Actress Jennifer Carpenter also returns as Debra Morgan. Once a morally upright detective and sister, Debra – now dead – forms a part of Dexter’s subconscious, a spectre only he sees, both as a reminder of his actions that led to her death and as a guiding compass to make sure he doesn’t go back to his old, bloody ways.

It’s great watching Hall and Carpenter return to the roles that made them stars, and the series itself carries itself well for most of the episodes, as the story revolves around Dexter’s “Dark Passenger” – what Dexter calls the murderous urges he has – returning after eight years of suppression, and how the sudden appearance of his son Harrison (Jack Alcott) throws his entire life into a new light: fatherhood.
New Blood’s main villain, a mysterious figure that abducts lone women is equally well-written and played.
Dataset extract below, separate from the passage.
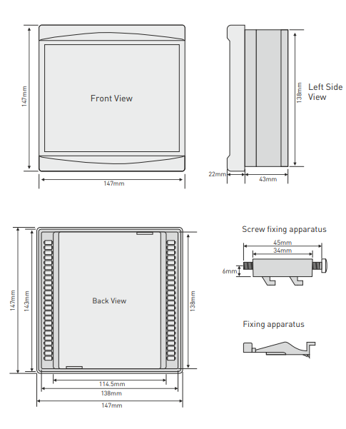 The digital processing of the values measured by the controller ensures high accuracy in the evaluation of the effective voltage, current, and power factor.

The character’s motivation and life ties perfectly into New Blood’s exploration of familial bonds and men that inherit “evil” from their fathers, and the cyclical nature of it all.
For nine episodes and half of the tenth episode, New Blood proves itself as a great addition to the Dexter lore and a proper extension to the horrid previous series finale, but at the end of the new season, history repeats itself.
The ending, telegraphed and predictable, doesn’t earn its final moments. However, seen half glass full, New Blood nonetheless provides a finality and send-off for Dexter that the previous series finale never delivered. Any closure for Dexter, as unearned as it may be, is still better than him driving off into a CGI hurricane conjured on a television budget.